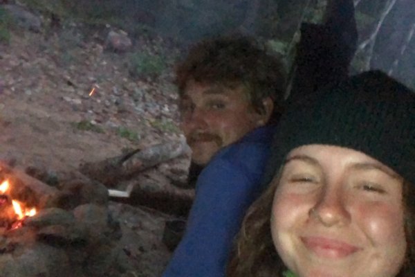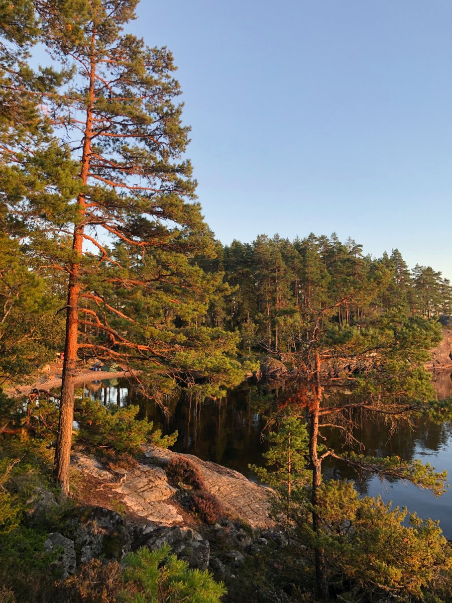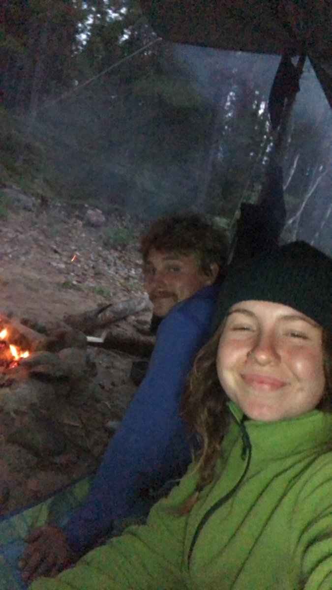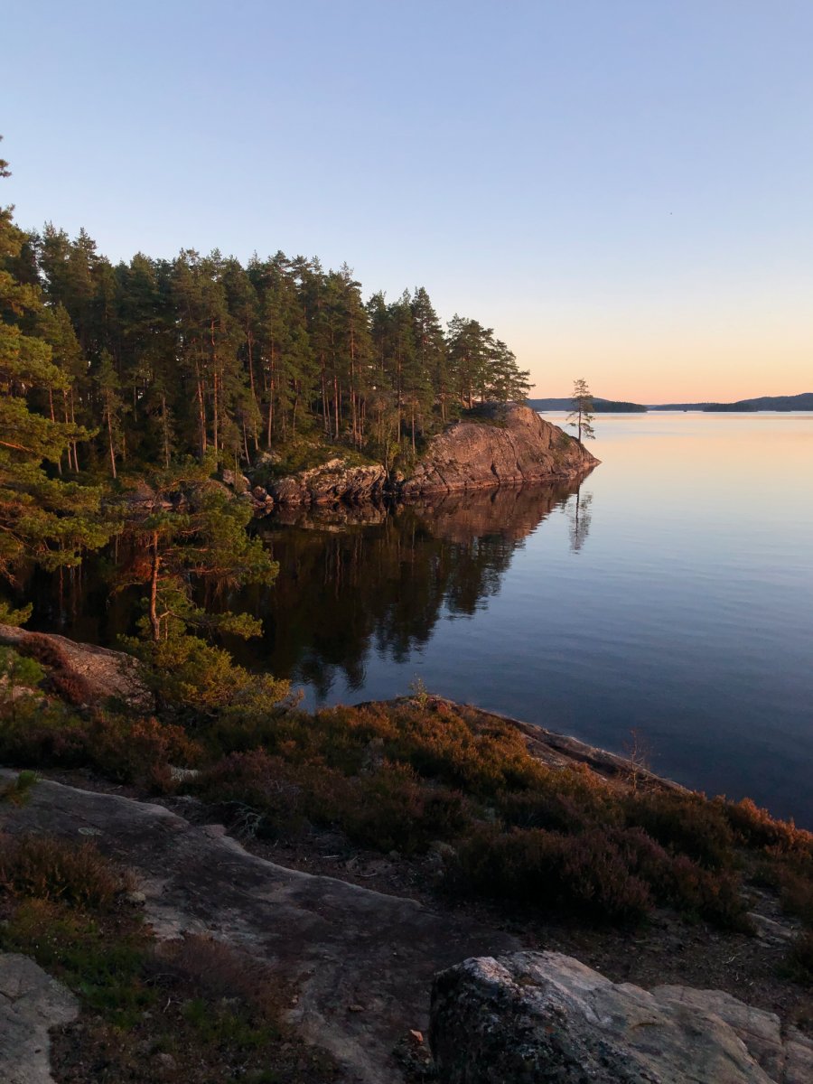 Am Rastplatz 19 fanden wir einen Sandstrand mit perfektem Blick auf den Sonnenuntergang. Wir stellten das Zelt auf, sammelten Feuerholz und einige Blaubeeren. Nach einem entspannten Nachmittag in der Sonne genossen wir abends Tofu mit Tomaten und grillten Blaubeerbrot als Nachtisch. Der Tag endete friedlich, während die Sonne im Meer versank und die Dunkelheit den Strand umhüllte. Später saßen wir am Lagerfeuer, vertieft in schöne Gespräche. Als es dann kalt und windig wurde kuschelten wir uns ins Zelt.
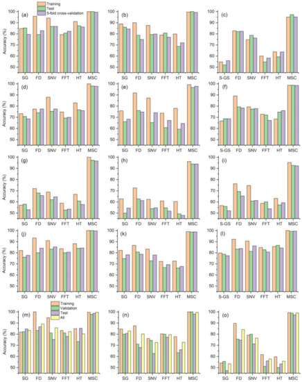 Accuracies of each combination. (a) CARS-Bayes, (b) SPA-Bayes, (c) PCA-Bayes, (d) CARS-SVM, (e) SPA-SVM, (f) PCA-SVM, (g) CARS-KNN, (h) SPA-KNN, (i) PCA-KNN, (j) CARS-EL, (k) SPA-EL, (l) PCA-EL, (m) CARS-ANN, (n) SPA-ANN, (o) PCA-ANN.
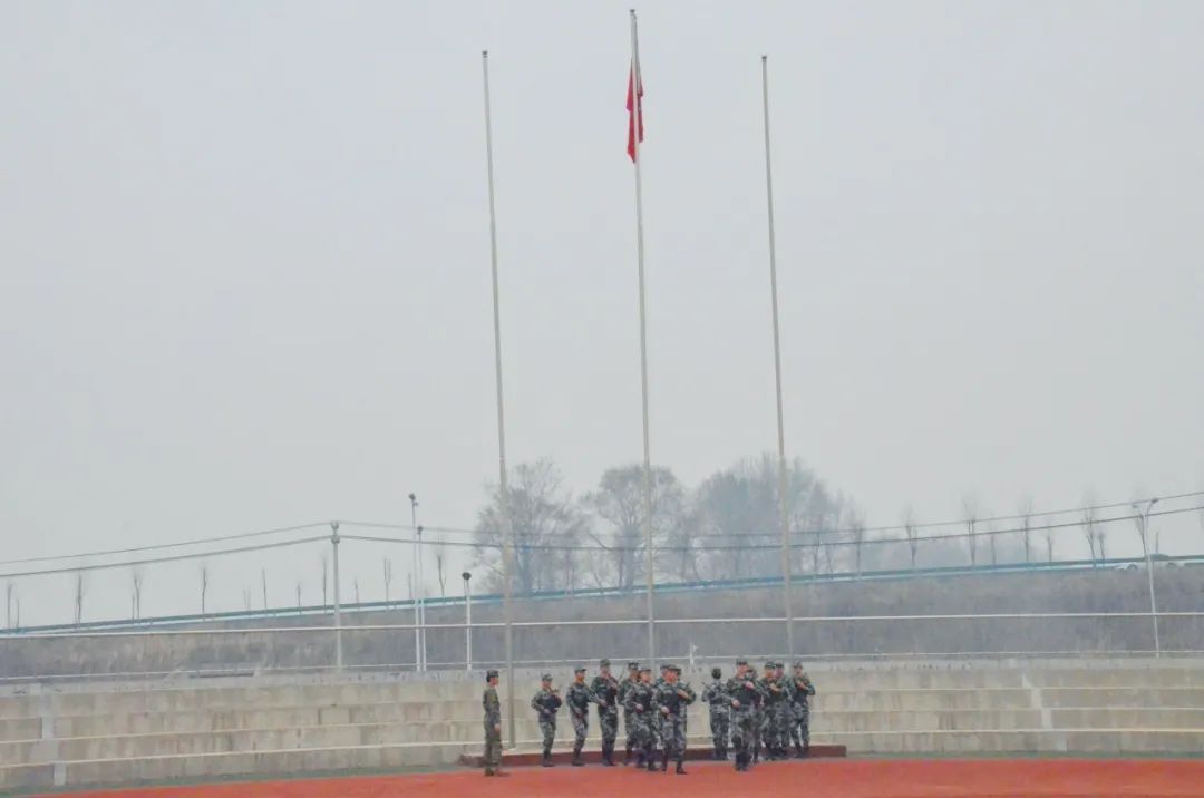 英姿飒爽的国旗护卫队成员们早早的集合完毕,个个身着戎装自信挺拔蓄势待发。随着指挥员一声“齐步走”令下,队员们迈着整齐铿锵的步伐,以饱满的热情,挥着强劲有力的手臂,庄严地护卫五星红旗进场。伴随着雄壮的国歌,五星红旗冉冉升起。
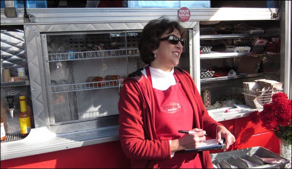 Established as Santa Rosa’s meager answer to downtown Portland’s famous blocks-long street food carts, Munch Mondays so far is just a handful of trucks. That’s bound to change. The crowd today wasn’t just a bunch of food bloggers and culture vultures—it was made up of businesspeople on a lunch break, downtown residents and merchants out for a quick bite. In other words, exactly the people Munch Mondays had hoped to attract. “I just feel bad that we’re out of so many things,” quipped Jilly Dorman (above), co-owner of the Street-Eatz truck and unofficial spokesperson for food cart owners.I couldn’t stay long, so I just grabbed a quick burrito from La Texanita, which had the shortest lines. (Dim Sum Charlie’s and Fork seemed to be slammed, and the Chicago Hot Dog guy who usually sells in Anarchy Alley next to Ting Hao was doing brisk business too.) But in the short time I was there, I did run into Bob Coburn, of the original Bob’s Fruit Truck. After selling food and wrangling with the law (and with the perception of competition from Petrini’s Market) for 25 years on Highway 12, a case could be made that Bob was the original street food purveyor in Santa Rosa.But that’s not true, actually, and brings to mind an important story.In his old age, while working as a low-paid janitor at the courthouse, Santa Rosa’s native son Julio Carrillo—who essentially founded this city with his philanthropic gifts of land—sold tamales for a time on Fourth Street in Courthouse Square to make ends meet. Historically, that would make Julio Carrillo the original street food purveyor on Santa Rosa. No wonder we love street food so much! It’s in our blood, people.A little more info. on Munch Mondays is here. Be there each Monday, from 11:30am-2:00pm, in what we still charmingly refer to as the “White House Parking Lot,” even though the White House department store hasn’t been there for over 30 years but damn if I don’t remember watching cartoons in a little coin-op booth while my mom shopped there when I was 5. Bring an appetite, ’cause this burrito I just finished at my desk was outstanding.
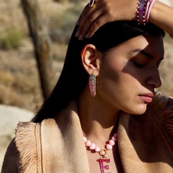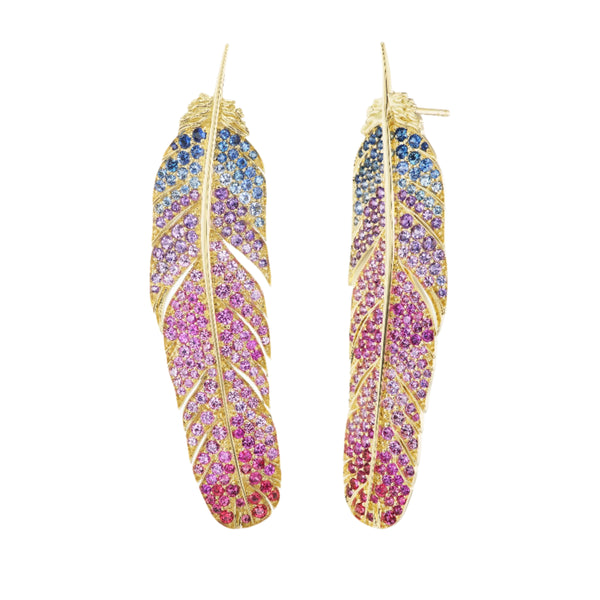 The Feather Sapphire Earrings are Emily P Wheeler's newest oversized stud. Emily took inspiration from tropic birds and fish for the ombre palette of these feather earrings. These earrings are flattering on a variety of ears.
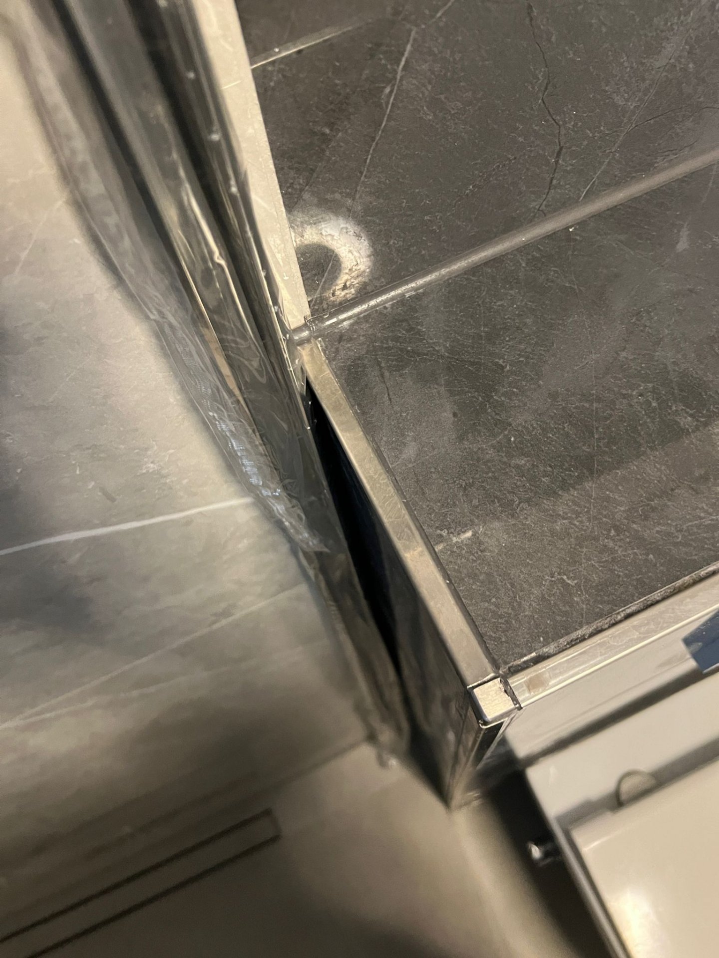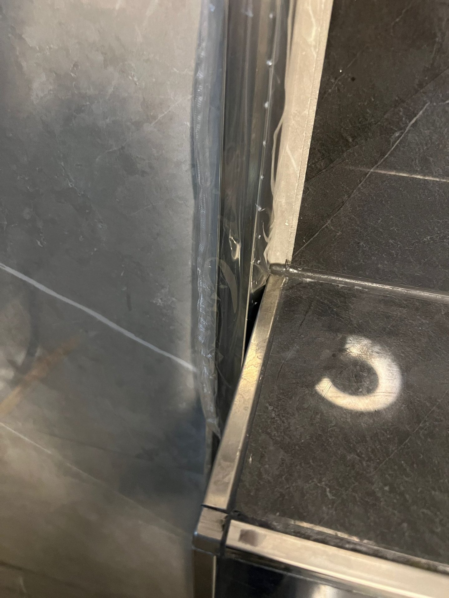 Jetzt ist das Problem, dass zwischen Glasscheibe und Vorwandkante etwas Luft (ca. 2cm) ist.
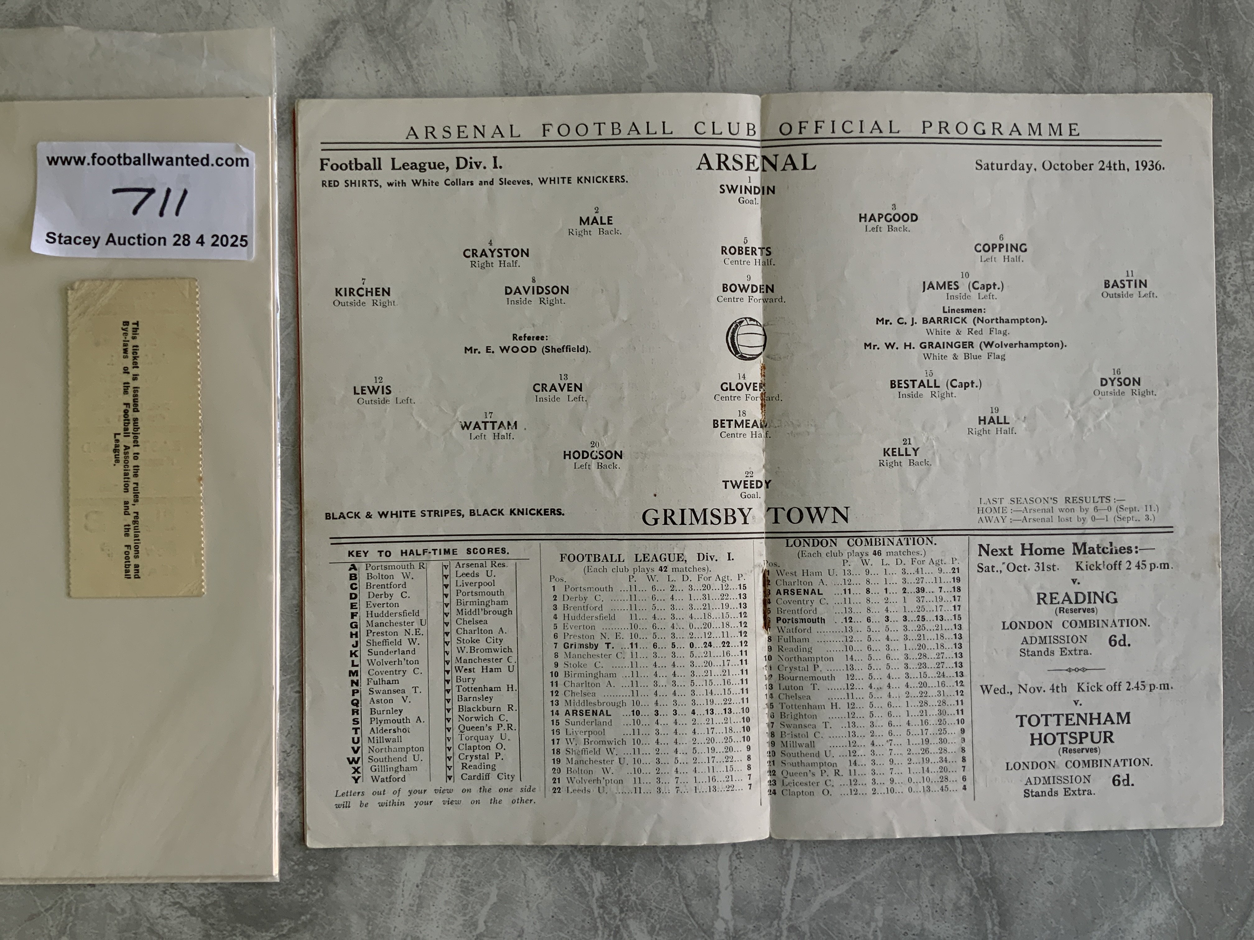 36/37 Arsenal v Grimsby Town Football Programme + Ticket: Inauguration of the East Stand match dated 24 10 1936. Incredibly the ticket is for the East Stand so it will be the first match in the newly built stand. Both good. (2)

▶ WHAT TO PRODUCE:
Restate all of the material word for word. Keep out every picture.

▶ TASK SOLUTION:
 Am Rastplatz 19 fanden wir einen Sandstrand mit perfektem Blick auf den Sonnenuntergang. Wir stellten das Zelt auf, sammelten Feuerholz und einige Blaubeeren. Nach einem entspannten Nachmittag in der Sonne genossen wir abends Tofu mit Tomaten und grillten Blaubeerbrot als Nachtisch. Der Tag endete friedlich, während die Sonne im Meer versank und die Dunkelheit den Strand umhüllte. Später saßen wir am Lagerfeuer, vertieft in schöne Gespräche. Als es dann kalt und windig wurde kuschelten wir uns ins Zelt.
 Accuracies of each combination. (a) CARS-Bayes, (b) SPA-Bayes, (c) PCA-Bayes, (d) CARS-SVM, (e) SPA-SVM, (f) PCA-SVM, (g) CARS-KNN, (h) SPA-KNN, (i) PCA-KNN, (j) CARS-EL, (k) SPA-EL, (l) PCA-EL, (m) CARS-ANN, (n) SPA-ANN, (o) PCA-ANN.
 英姿飒爽的国旗护卫队成员们早早的集合完毕,个个身着戎装自信挺拔蓄势待发。随着指挥员一声“齐步走”令下,队员们迈着整齐铿锵的步伐,以饱满的热情,挥着强劲有力的手臂,庄严地护卫五星红旗进场。伴随着雄壮的国歌,五星红旗冉冉升起。
 Established as Santa Rosa’s meager answer to downtown Portland’s famous blocks-long street food carts, Munch Mondays so far is just a handful of trucks. That’s bound to change. The crowd today wasn’t just a bunch of food bloggers and culture vultures—it was made up of businesspeople on a lunch break, downtown residents and merchants out for a quick bite. In other words, exactly the people Munch Mondays had hoped to attract. “I just feel bad that we’re out of so many things,” quipped Jilly Dorman (above), co-owner of the Street-Eatz truck and unofficial spokesperson for food cart owners.I couldn’t stay long, so I just grabbed a quick burrito from La Texanita, which had the shortest lines. (Dim Sum Charlie’s and Fork seemed to be slammed, and the Chicago Hot Dog guy who usually sells in Anarchy Alley next to Ting Hao was doing brisk business too.) But in the short time I was there, I did run into Bob Coburn, of the original Bob’s Fruit Truck. After selling food and wrangling with the law (and with the perception of competition from Petrini’s Market) for 25 years on Highway 12, a case could be made that Bob was the original street food purveyor in Santa Rosa.But that’s not true, actually, and brings to mind an important story.In his old age, while working as a low-paid janitor at the courthouse, Santa Rosa’s native son Julio Carrillo—who essentially founded this city with his philanthropic gifts of land—sold tamales for a time on Fourth Street in Courthouse Square to make ends meet. Historically, that would make Julio Carrillo the original street food purveyor on Santa Rosa. No wonder we love street food so much! It’s in our blood, people.A little more info. on Munch Mondays is here. Be there each Monday, from 11:30am-2:00pm, in what we still charmingly refer to as the “White House Parking Lot,” even though the White House department store hasn’t been there for over 30 years but damn if I don’t remember watching cartoons in a little coin-op booth while my mom shopped there when I was 5. Bring an appetite, ’cause this burrito I just finished at my desk was outstanding.
 The Feather Sapphire Earrings are Emily P Wheeler's newest oversized stud. Emily took inspiration from tropic birds and fish for the ombre palette of these feather earrings. These earrings are flattering on a variety of ears.
 Jetzt ist das Problem, dass zwischen Glasscheibe und Vorwandkante etwas Luft (ca. 2cm) ist.
 36/37 Arsenal v Grimsby Town Football Programme + Ticket: Inauguration of the East Stand match dated 24 10 1936. Incredibly the ticket is for the East Stand so it will be the first match in the newly built stand. Both good. (2)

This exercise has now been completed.